What the Kebab Awards Tell Us About Immigration and Its Unpredictable Benefits

Kebabs: a symbol of the unpredictable benefits of immigration. Public domain

Like a lot of journalists, I spent Sunday night downing free booze in a gaudy ballroom at a swanky awards ceremony. The difference is that where others were slinking around LA's Dolby Theatre for the 89th Academy Awards trying to work out who Ryan Gosling's mystery date was, I was at an almost-as-prestigious prize: the fifth annual British Kebab Awards in London.

A baffling blend of glitz and garlic mayonnaise, the awards, which celebrate the country's best Turkish restaurants, kebab vans and other purveyors of grilled meats, are much too mad to sum up in a sentence. They are also probably the only high-profile Westminster function to give you a take-home gift bag containing chili sauce.

But they carry serious clout, too: The awards' in-house magazine includes messages of support from Prime Minister Theresa May and opposition leader Jeremy Corbyn. The industry they celebrate, founded by Turkish immigrants who opened the first British kebab house, called Istanbul Restaurant, in Soho during the Second World War, is now worth about £2.8 billion annually. The doner kebab, in Britain at least, is an inebriation institution; posher grilled kebabs are popular hipster fodder.

By coincidence, the awards fell on the same day as a Sunday Times story on the British government's plans for a new immigration policy. According to the report, the government is considering giving the migration advisory committee the power to determine how many visas need to be issued each year for workers on an industry by industry basis. This is alongside plans to limit the benefits for migrants, the paper says.

The reported plans would mean moving toward a much more controlled approach to immigration, where people are invited to come to the country only insofar as they can slot into gaps not filled by Brits.

Whether the story ends up confirmed in every detail, it seems near-certain that after Brexit, a vote in large part driven by opposition to uncontrolled immigration, the government will work to more tightly plan and control flows of immigrants into Britain. That bureaucratic impulse runs strongly against the free-market bent of many on the British right. As a center-right critic, former Conservative advisor Garvan Walshe said in a sarcastic Twitter rant on the topic: "What do we want?
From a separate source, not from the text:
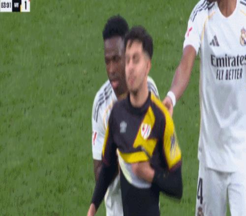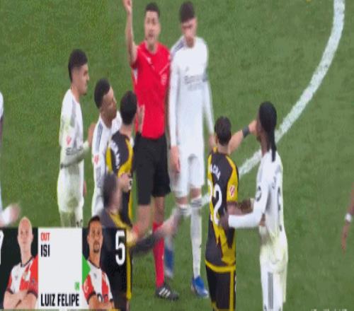 第83分鐘,發生沖突,維尼修斯和阿霍馬克各領一張黃牌

Central planning! When do we want it? Under a Tory government!"

But the kebab shop, like its fellow immigrant-fuelled industry, the British-Indian curry house, speaks to an important truth about immigration: that its biggest benefits are often unpredictable, stealing upon the host society by surprise.

As the libertarian economist Kristian Niemietz put it in a blog in the run-up to last year's Brexit referendum critiquing a "points based" immigration system: "The implicit assumption that immigrants come here to fill vacancies, that is, to satisfy a demand which is already there, but currently unfulfilled, can also be challenged…Indian food has become part of the staple diet in the U.K., but in the 1950s, no points-based system would have detected an unfulfilled demand for chicken tikka masala and lamb rogan josh." If I were a food writer, I'd take a punt on Polish food—hearty, cheap, and cooked by the U.K.'s largest foreign-born community—being the next big thing.
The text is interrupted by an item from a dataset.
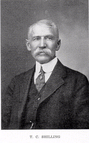 T. C. SHILLING T. C .SHILLING, of the firm of Shilling & Roberts, leading furniture dealers and undertakers of Troy, Ohio, has been engaged in the mercantile business in this city for a period of over forty years. He was born in Columbus, Ohio, in 1845, and is a son of Jesse Shilling, who prior to his death was one of the prominent and active citizens of Troy. Jesse Shilling, a son of William and Hannah Shilling, was born in Maryland, in 1825, and was about two years of age when his parents removed to Columbus, Ohio. There he was reared and educated, and when twenty-one years old was foreman of the Hayden Foundry, at Columbus, Ohio. He acquired considerable skill as an engineer and followed that occupation for years. In 1854 he moved to Troy and soon afterward agitated the establishment of a fire department here. Largely through his activity the project was favorably acted upon and he was installed as the first engineer of the department. He was always among the foremost in furthering the city's interests, being one of the founders of the present water works system, and was most highly esteemed by his fellow citizens. During the war he was provost-marshal of Miami County under Captain A. C. Duel. He also served as a member of the City Council. T. C. Shilling attended school in Columbus until his parents moved to Troy in 1854, and then attended school here until the Civil War was in progress. He enlisted as a member of Company H, 147th Regiment, Ohio Volunteer Infantry. Upon his return from the front he engaged in the dry goods business for some years, and then formed a partnership with Mr. Bond, under the firm name of Bond and Shilling, in the furniture and undertaking business. The partnership continued sixteen years, when upon the death of Mr. Bond, Mr. Roberts became a partner, the firm name being changed to Shilling & Roberts. This is the oldest firm of furniture dealers and undertakers in the city, and commands a liberal patronage at the hands of the people. Mr. Shilling was married at Fort Wayne, Indiana, to Miss Jennie Hartzell, and they have two sons, Eugene and Wade, both of whom are identified with the business of Shilling & Roberts. Mr. Shilling takes a deep interest in local politics, but with the exception of service on the School board, has filled no public office, being strictly a man of business. Fraternally, he is a member and has filled all the chairs of the following lodges: Blue Lodge, F.& A.M.; Chapter; Odd Fellows; Knights of Pythias; also a member of the Knights Templar. He is also past commander of the local post, G.A.R. Religiously, he is a member of the Baptist Church. Return to the Biography Index Copyright © 1998 by Computerized Heritage

As the government has scrambled to introduce immigration controls, its main concern has been to soothe fears from industries that rely heavily on migrant labour, ranging from high-skilled tech to low-skilled agriculture. With a sector-based visa plan, a points-based system, or a similarly tightly managed approach, overall numbers can come down, while ensuring, at least in theory, that jobs don't go unfilled.
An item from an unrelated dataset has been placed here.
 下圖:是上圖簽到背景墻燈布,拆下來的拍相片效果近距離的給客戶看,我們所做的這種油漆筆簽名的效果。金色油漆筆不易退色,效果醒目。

But freer immigration regimes bring benefits you can't imagine in advance and that you therefore wouldn't miss if they didn't materialize. A tightly closed Britain might miss out on all sorts of pleasures it never knew existed. In the rush to take back control, Britain's government shouldn't forget that there's something inherently uncontrollable, or at least unpredictable, about immigration and its benefits.